(The story is refiled to correct annual USDA slaughter figures in paragraph nine)
(Reuters) - Smithfield Foods Inc, the world’s largest pork processor, suspended hog slaughter at its Tar Heel, North Carolina, plant on Friday because of the spread of the deadly Porcine Epidemic Diarrhea virus (PEDv) which has tightened hog supplies, industry sources said.
The Tar Heel plant, the company’s largest pork processing facility, reduced its slaughter schedule this week to four days from five days, said the sources, who have knowledge of the plant’s operations and hog purchases. They requested anonymity because of the sensitivity of the issue.

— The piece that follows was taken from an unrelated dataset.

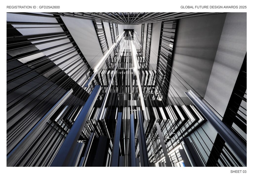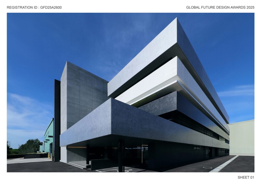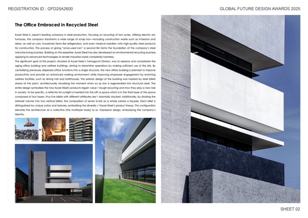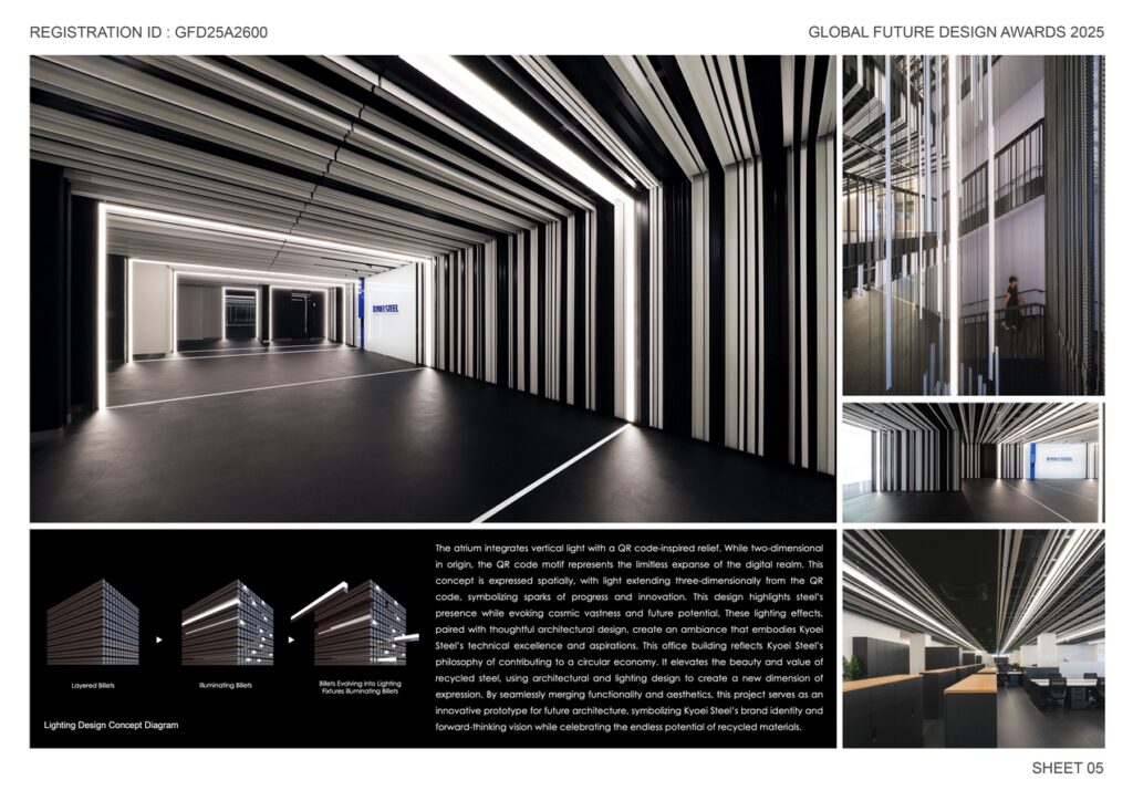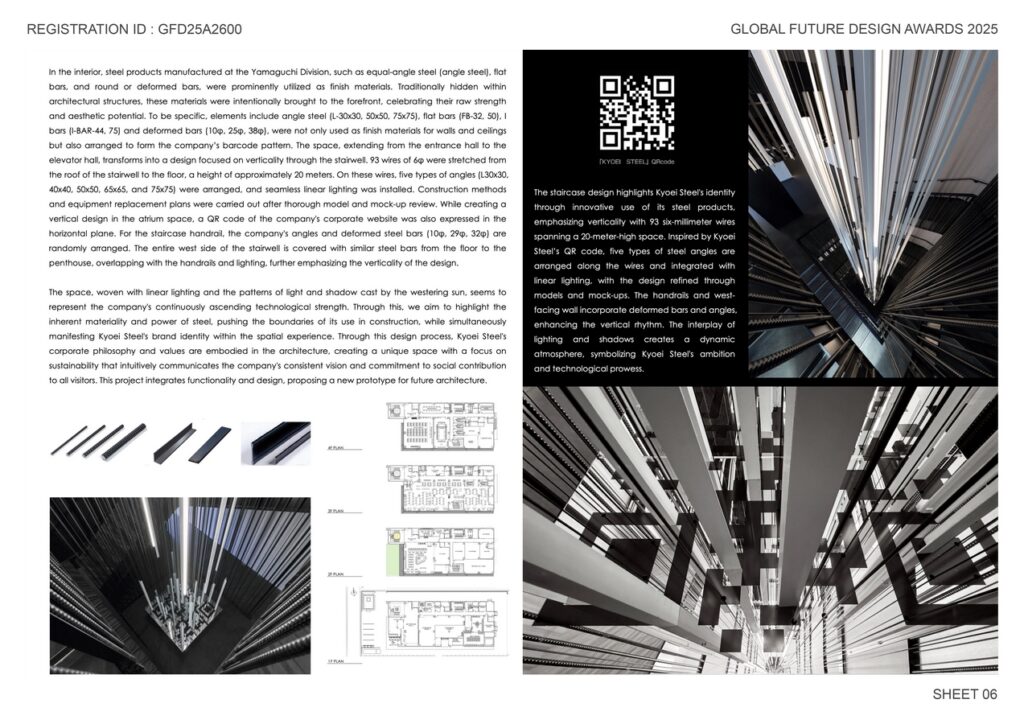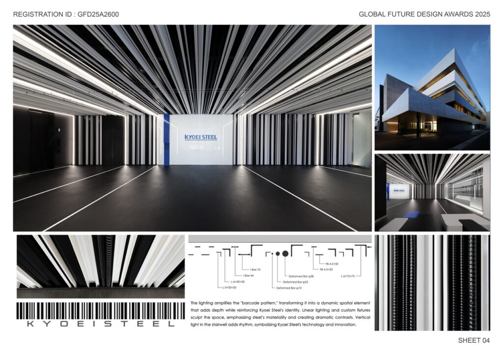 The exterior design, inspired by steel billets stored at the plant, symbolizes regenerating scrap iron into structural steel. The facade features five stacked billets with varied attributes, enhanced by two vertically divided stairwell volumes, forming a composition of seven billets. Each billet’s unique colors and textures reflect Kyoei Steel’s product diversity and identity in a striking aesthetic. Inside, steel products from the Yamaguchi Division, such as equal-angle steel, flat bars, and deformed bars, are prominently featured as finish materials, celebrating their raw strength and aesthetic potential. Materials like angle steel (L30x30, 50×50, 75×75), flat bars (FB-32, 50), I-bars (I-BAR-44, 75), and deformed bars (10φ, 25φ, 38φ) were used for walls, ceilings, and the company’s barcode pattern. This barcode, serving as a symbol of traceability, embodies the company’s commitment to transparency and accountability in its recycling process, visually connecting material flows with corporate identity. The stairwell features 93 wires (6φ) stretched across 20 meters, with five types of angles and seamless lighting. A QR code of the company’s website is integrated into the horizontal plane, while staircase handrails use randomly arranged angles and deformed steel bars. On the west side, similar steel bars cover the stairwell from floor to penthouse, interacting with handrails and lighting to emphasize verticality. This interplay of light, shadow, and raw steel highlights Kyoei Steel’s technological strength and innovative spirit. Dynamic lighting effects embody the company’s brand identity. By showcasing materials and integrating values, the project harmonizes functionality and design. Rooted in the company’s recycling philosophy, it presents a prototype for architecture merging sustainability, innovation, and identity with a unique spatial experience.

While it is not slaughtering hogs on Friday, the plant is processing meat from this week’s kill, the persons said.
Smithfield, acquired last year by China’s Shuanghui International, said it does not comment on daily operations, minor disruptions, and openings or closings of processing plants.
Friday’s move follows days of market talk about U.S. pork processors cutting back working days because of reduced supplies, a measure that reflects the growing damage caused the virus.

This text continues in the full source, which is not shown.